Geraldine nodded. Her eyes shone with importance at the information she was about to convey.
‘There was a murder in that house. I practicallysaw it.’
‘How very interesting.’
‘Yes, isn’t it? I’ve never seen a murder before. I mean I’ve never seen a place where a murder happened.’
‘What did you-er-see?’
‘Well, there wasn’t very much going on just then. You know, it’s rather an empty time of day. The exciting thing was when somebody came rushing out of the house screaming. And then of course I knew something must have happened.’
‘Who was screaming?’
‘Just a woman. She was quite young, rather pretty really. She came out of the door and she screamed and she screamed. There was a young man coming along the road. She came out of the gate and sort of clutched him-like this.’ She made a motion with her arms. She fixed me with a sudden glance. ‘He looked rather like you.’
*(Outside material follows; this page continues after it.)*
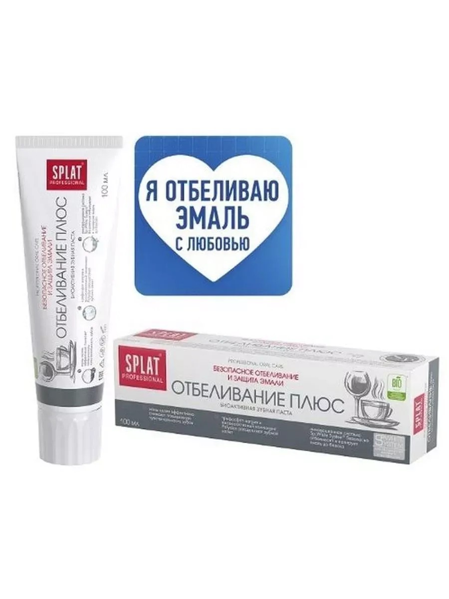 SPLAT PROFESSIONAL TOOTHPASTE WHITE PLUS 100ML Brand SPLAT (Splat) is a leading developer and manufacturer of professional solutions in the categories of oral care. SPLAT PROFESSIONAL TOOTHPASTE WHITENING PLUS Appearance: Consistency - pasty texture Color - white Special features: Contains sodium monofluorophosphate - 0.1% (1000 ppm). Improved formulations do not contain substances that can harm humans and the ecology of the planet: triclosan, chlorhexidine, chalk, aluminum lactate, peroxides and petroleum products. All SPLAT toothpastes of the Professional series include the safe whitening system SP.White System: rounded particles of silicon dioxide, the enzyme papain, Polydone - comprehensively clean and whiten tooth enamel. Effective complex toothpaste Whitening plus contains an innovative system for safe Sp.White whitening system, thanks to which teeth become 1.5 shades lighter in 4 weeks of use. Enamel protection: Potassium ions reduce increased tooth sensitivity. Complex action: Natural antibacterial components prevent plaque formation and provide fresh breath. Fluoride ions effectively protect against caries. Result: Clinically proven: Whitening effect - 1.5 shades in four weeks on the VITAPAN scale. Cleansing effect - 50%. Remineralizing effect - 40%. Hemostatic effect - 50.2%. *after 4 weeks of use. Contains fluoride - 0.1% (1000 ppm).

‘I must have a double,’ I said lightly. ‘What happened next? This is very exciting.’
‘Well, he sort of plumped her down. You know, on the ground there and then he went back into the house and the Emperor-that’s the orange cat, I always call him the Emperor because he looks so proud-stopped washing himself and he looked quite surprised, and then Miss Pikestaff came out of her house-that’s the one there, Number 18-she came out and stood on the steps staring.’
‘Miss Pikestaff?’
‘I call her Miss Pikestaff because she’s so plain. She’s got a brother and she bullies him.’
‘Go on,’ I said with interest.
‘And then all sorts of things happened. The man came out of the house again-are you sure it wasn’t you?’
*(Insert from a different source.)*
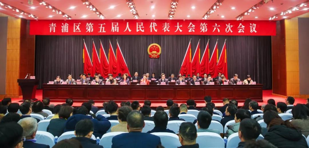 青浦區第五屆人民代表大會第六次會議1月8日在區委黨校中心會場隆重舉行。大會執行主席趙惠琴、朱明福、楊小菁、蔣仁輝、陶夏芳、胡海民、何強、趙宏林等在主席臺就座。區委副書記、區長余旭峰,區政協主席李華桂等區領導出席會議。

‘I’m a very ordinary-looking chap,’ I said modestly, ‘there are lots like me.’
‘Yes, I suppose that’s true,’ said Geraldine, somewhat unflatteringly. ‘Well, anyway, this man, he went off down the road and telephoned from the call-box down there. Presently police began arriving.’ Her eyes sparkled. ‘Lots of police. And they took the dead body away in a sort of ambulance thing. Of course there were lots of people by that time, staring, you know. I saw Harry there, too. That’s the porter from these flats. He told me about it afterwards.’
‘Did he tell you who was murdered?’
‘He just said it was a man. Nobody knew his name.’
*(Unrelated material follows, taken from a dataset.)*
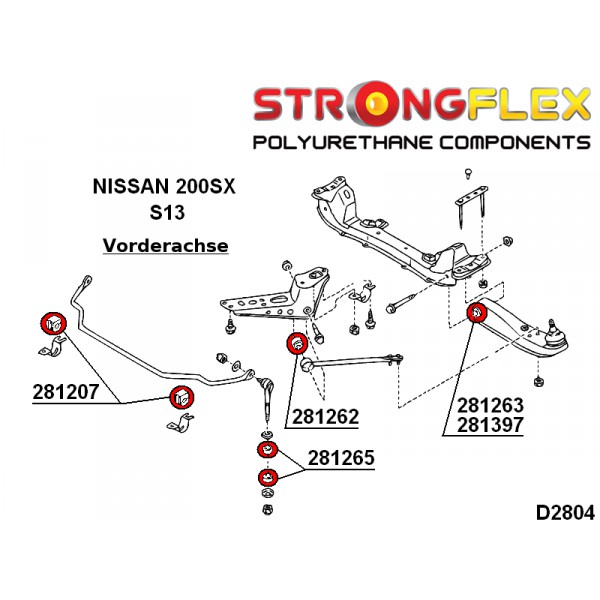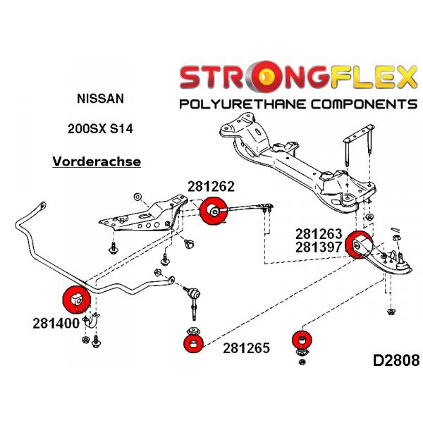 Das Material ist deutlich widerstandsfähiger als die original Nissan Buchsen, um die Verwindung des Fahrwerks zu minimieren. Da die original Buchsen nicht einzeln angeboten werden (nur als komplettes Set mit Streben, etc.) sind die PU Teile der optimale Ersatz.

‘It’s all very interesting,’ I said.
I prayed fervently that Ingrid would not choose this moment to come in again with a delectable treacle tart or other delicacy.
‘But go back a little, do. Tell me earlier. Did you see this man-the man who was murdered-did you see him arrive at the house?’
‘No, I didn’t. I suppose he must have been there all along.’